# Drill Press Table



## jhogue46140 (Sep 22, 2011)

Just built this drill press table to replace my beat up one. Found the plans online. I like that it is removable and has a replaceable center.


----------



## slicksqueegie (Feb 9, 2011)

nice job!


----------



## Kenbo (Sep 16, 2008)

I've often thought about making a drill press table. Very nice work. I may have to make one some day. Thanks for sharing this one.


----------



## johnnie52 (Feb 16, 2009)

Kenbo said:


> I've often thought about making a drill press table. Very nice work. I may have to make one some day. Thanks for sharing this one.


I wasn't convinced about the usefulness of a table at the drill press until I made the one I have now. Somehow I can't imagine ever going back to not having one again. It is perhaps the single most useful modification I've ever done to one of my shop tools next to the T2 fence on the ts and I didn't even add "T" slots to mine!

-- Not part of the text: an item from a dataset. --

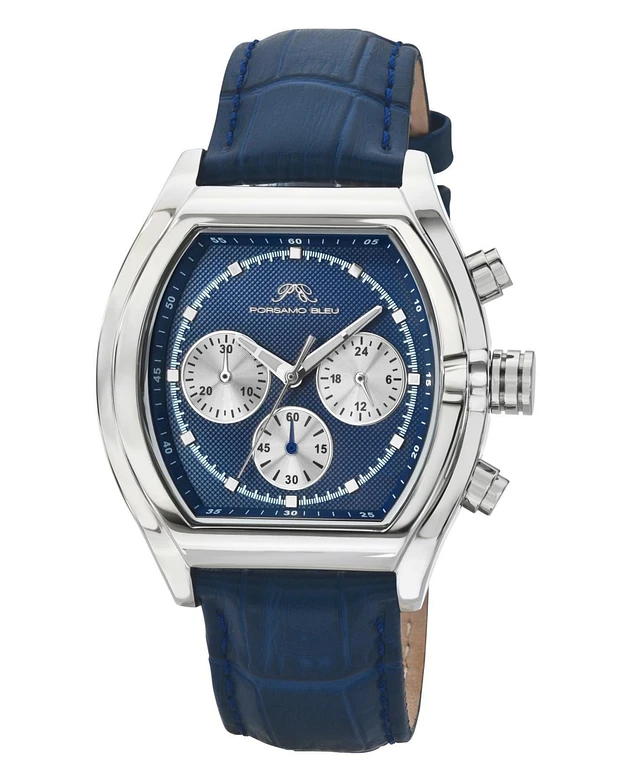 Porsamo Bleu Nyc Chrono Genuine Leather Silver Tone & Black Men's Watch 1281ANYL

I've seen this one before and always wondered about the fence getting in the way of the handle when drilling small pieces. I know I had to cut away part of my fence to get clearance. I see that you had to make clearance on yours too. Very nicely done.

How did you handle getting clearance for the lift crank? I ended up making an extension on mine and moving the crank handle out to the side of the table.


----------



## Jim West Pa (Jul 27, 2010)

*Very inspiring and nicely done jhogue.*

I was jist lookin at those in a cataloge last night and thinkin 'bout makin one myself.
I know i have enough scrappage layin around to do so.

Thanks for sharin :thumbsup:


----------



## jhogue46140 (Sep 22, 2011)

My drill press doesn't have a crank to raise and lower. It just has a toggle bolt that you loosen. However the plans I have show the table with arches on the back sides to allow for crank movement. I modified the plans and made the table square because I didnt have the crank.


----------



## johnnie52 (Feb 16, 2009)

jhogue46140 said:


> My drill press doesn't have a crank to raise and lower. It just has a toggle bolt that you loosen. However the plans I have show the table with arches on the back sides to allow for crank movement. I modified the plans and made the table square because I didnt have the crank.



OIC. Then it didn't become a problem in your case. I have a crank to raise and lower the table. Had to extent the crank to the outside of the table to get it to work. I guess even though mine is a bench top model it is a little bigger than yours so it has the crank whereas all you need to do is loosen the lock and push it up by hand.

Still that is one nice table you've made. I may put T traks in mine if I ever make a new one. So far mine works like a charm without them.


----------